🤖 AI Summary
Simulating compressible flows for hypersonic multi-engine rockets with ultra-large-scale meshes (>10¹⁴ grid points) poses severe challenges in shock-capturing stability and computational scalability.
Method: This work introduces an information-geometric regularization paradigm that ensures intrinsic shock-resolution stability directly at the governing equation level, eliminating conventional explicit shock-capturing schemes. We further develop a CPU–GPU tightly coupled unified-addressing architecture and a linear stencil optimization algorithm to enable efficient deployment of the MFC solver on heterogeneous exascale platforms (AMD MI250X/NVIDIA GH200).
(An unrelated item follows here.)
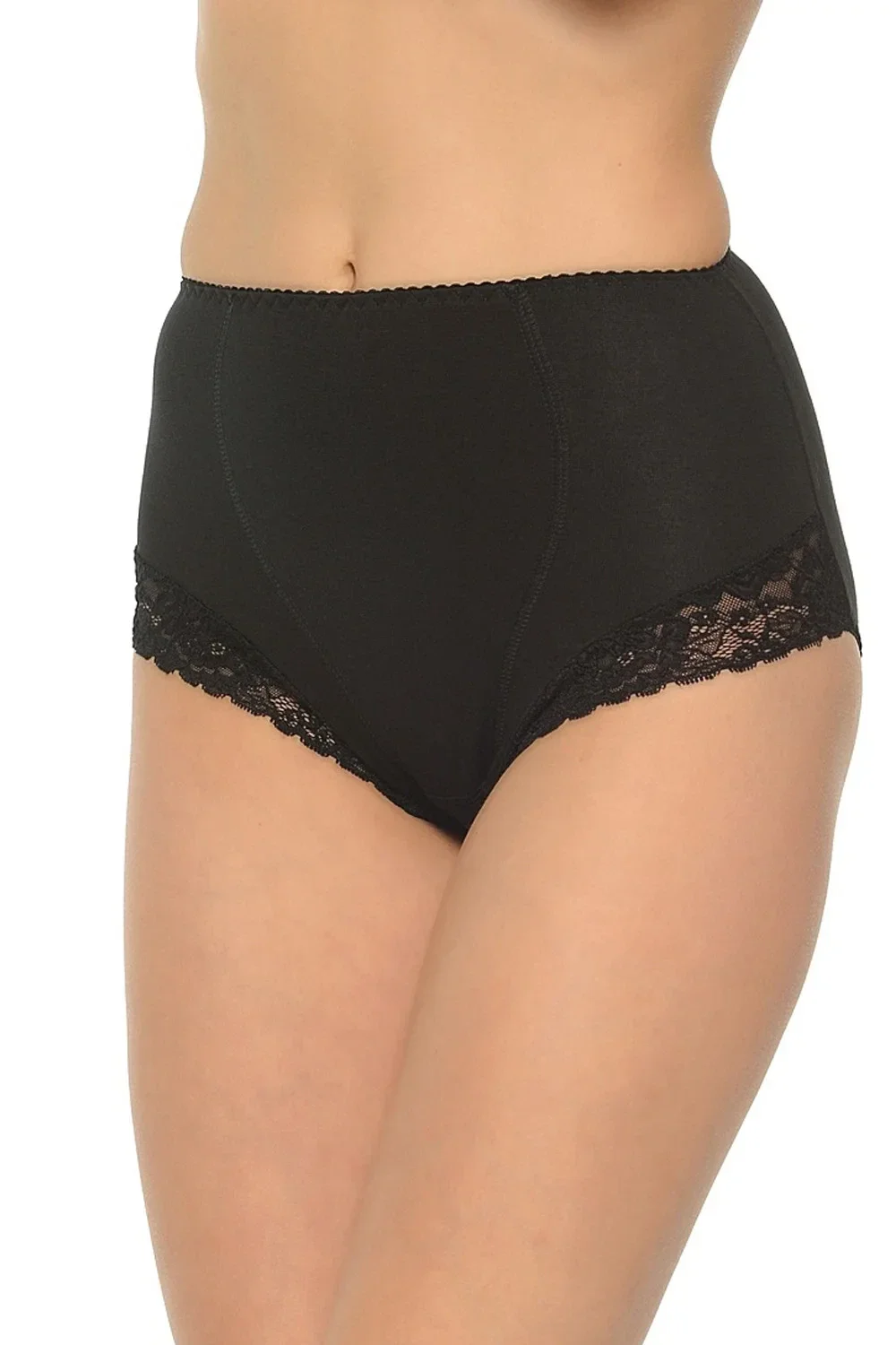 Dámské stahovací kalhotky Ela Mitex - černá barva - kalhotky mají lehce zvýšený pas - příjemný, pevný materiál - obepnou oblast boků a část bříška - elegantní design - nohavičky jsou lemované krajkou ve stejné barvě - pod oblečením nejdou vidět

Contribution/Results: We achieve exascale full-vehicle simulations—up to 10¹⁵ grid points—on the Frontier and Alps supercomputers, advancing state-of-the-art mesh counts by one order of magnitude. Measured weak scaling efficiency approaches theoretical limits, and performance improves fourfold over baseline implementations. This work provides the first validation of the feasibility and scalability of information-geometric, high-fidelity, shock-resolving CFD for ultra-large-scale applications.
📝 Abstract
This work proposes a method and optimized implementation for exascale simulations of high-speed compressible fluid flows, enabling the simulation of multi-engine rocket craft at an unprecedented scale. We significantly improve upon the state-of-the-art in terms of computational cost and memory footprint through a carefully crafted implementation of the recently proposed information geometric regularization, which eliminates the need for numerical shock capturing. Unified addressing on tightly coupled CPU--GPU platforms increases the total problem size with negligible performance hit. Despite linear stencil algorithms being memory-bound, we achieve wall clock times that are four times faster than optimized baseline numerics. This enables the execution of CFD simulations at more than 100 trillion grid points, surpassing the largest state-of-the-art publicly available simulations by an order of magnitude. Ideal weak scaling is demonstrated on OLCF Frontier and CSCS Alps using the full system, entailing 37.8K AMD MI250X GPUs (Frontier) or 9.2K NVIDIA GH200 superchips (Alps).